In [None]:
import torch
from torchvision.ops import RoIAlign
from torchvision.models import resnet101
from torchvision import transforms
from PIL import Image
from tqdm import tqdm
import pickle
import argparse
import json

#Feature Extractor Function
It employes a visual model, e.g., ResNet101, to extract visual feature from an image and a list of ROIs passed as input arguments.

In [None]:
def extract_roi_features(image_path, rois):
    roi_align = RoIAlign(output_size=(1, 1), spatial_scale=1/32, sampling_ratio=-1)
    image = Image.open(image_path).convert('RGB')
    preprocess = transforms.Compose([
        transforms.Resize((800, 800)),  # resize the image to (800, 800) for simplicity
        transforms.ToTensor(),
        transforms.Normalize(mean=[0.485, 0.456, 0.406], std=[0.229, 0.224, 0.225]),
    ])
    input_tensor = preprocess(image)
    input_batch = input_tensor.unsqueeze(0)
    input_batch = input_batch.to(device, dtype = torch.float)
    with torch.no_grad():
        res5_features = resnet(input_batch)
    image_indices = torch.zeros((len(rois), 1))
    image_indices = image_indices.to(device, dtype = torch.int)
    rois = torch.tensor(rois).float()
    rois = rois.to(device, dtype = torch.float)
    rois = torch.cat((image_indices, rois), dim=1)
    pooled_features = roi_align(res5_features, rois)
    roi_features = pooled_features.reshape(-1, 2048)
    return roi_features.tolist()

#Main

In [None]:
parser = argparse.ArgumentParser()
parser.add_argument("--split", type=str, default="train", choices=["train", "test"])
args = parser.parse_args()
split = args.split

device = torch.device('cuda' if torch.cuda.is_available() else 'cpu')
resnet = resnet101(pretrained=True)
resnet = torch.nn.Sequential(*list(resnet.children())[:-2])
resnet.to(device)
resnet.eval()

Read entity annotated FUNSD data.

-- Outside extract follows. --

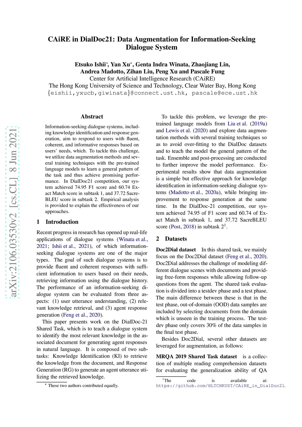 CAiRE in DialDoc21: Data Augmentation for Information-Seeking Dialogue
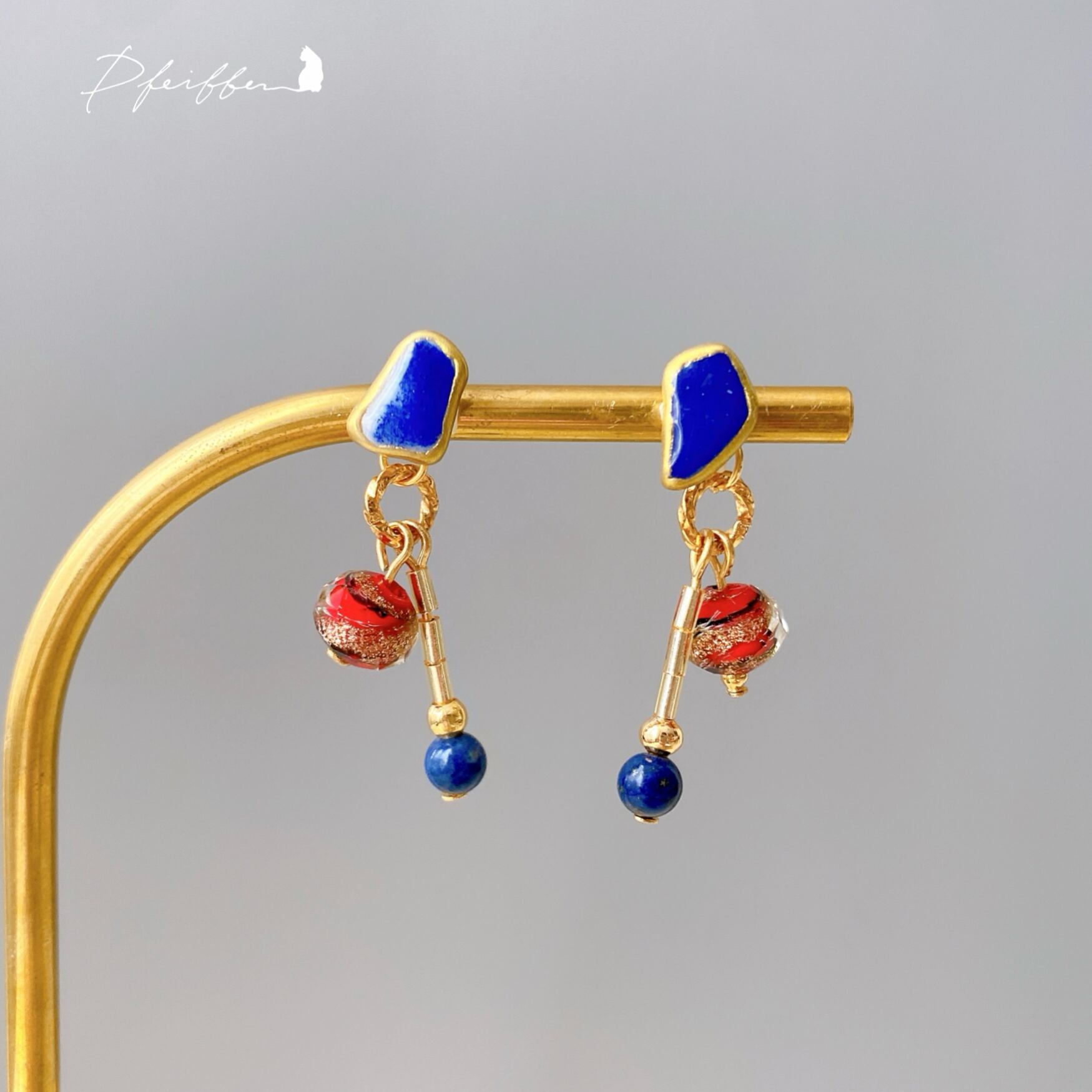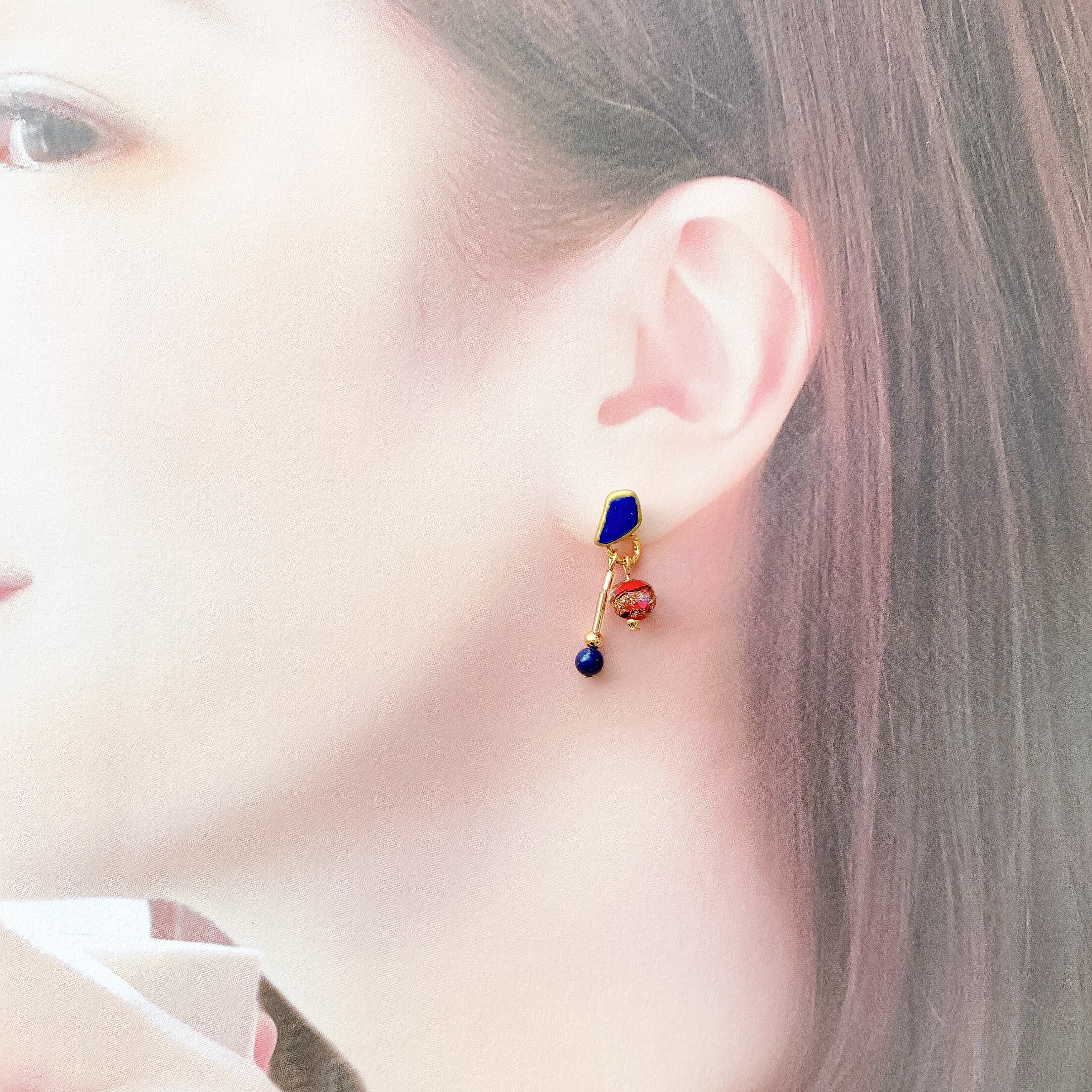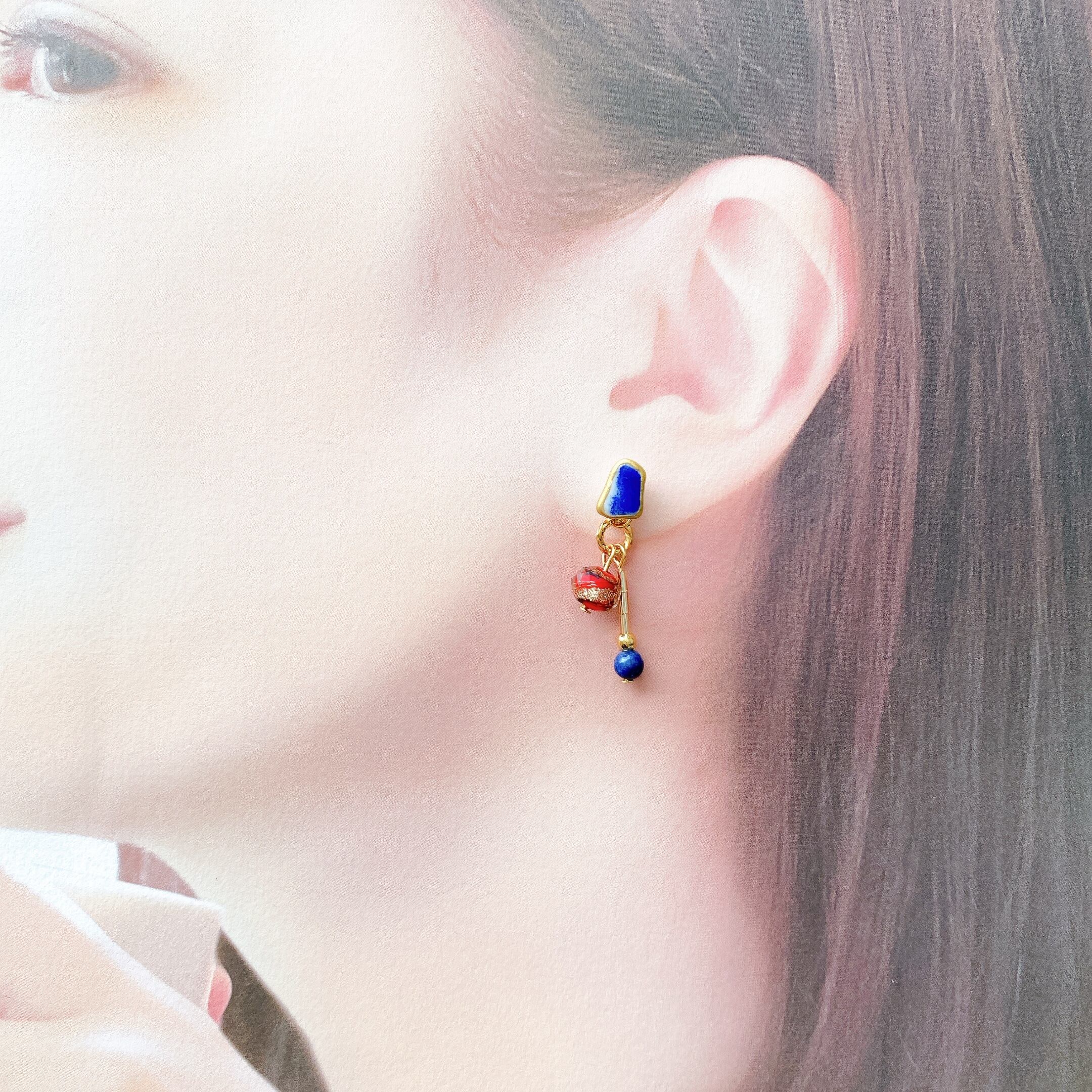 ピアス用に長さだしをしているパーツ(陶器部分と被る箇所)を取り外し、なるべくトップ写真のイメージに近づけるよう調整いたします。

They can be downloaded from: https://guillaumejaume.github.io/FUNSD/download/

In [None]:
with open("data/FUNSD/dataset/"+split+"ing_data/all_annotations.json", 'r') as f:
    data = json.load(f)

with open("data/FUNSD/dataset/"+split+"ing_data/all_annotations.json", 'r') as f:
    copy = json.load(f)

Apply feature extractor on th entire dataset and a field "visual_list" to the original json file

In [None]:
for key in tqdm(data.keys()):
    image_path = "data/FUNSD/dataset/"+split+"ing_data/images/"+key+".png"
    doc = data[key]["form"]
    object_list = []
    for i in range(len(doc)):
        object_list.append(doc[i]["box"])
        if len(doc[i]["box"]) == 0:
            continue
    features = extract_roi_features(image_path, object_list)
    copy[key]["visual_list"] = features

Save the new data structure containing the computed visual features as pickle file.

In [None]:
with open('data/FUNSD/dataset/'+split+'ing_data/all_annotations_visual.pickle', 'wb') as f:
    pickle.dump(copy, f, protocol=pickle.HIGHEST_PROTOCOL)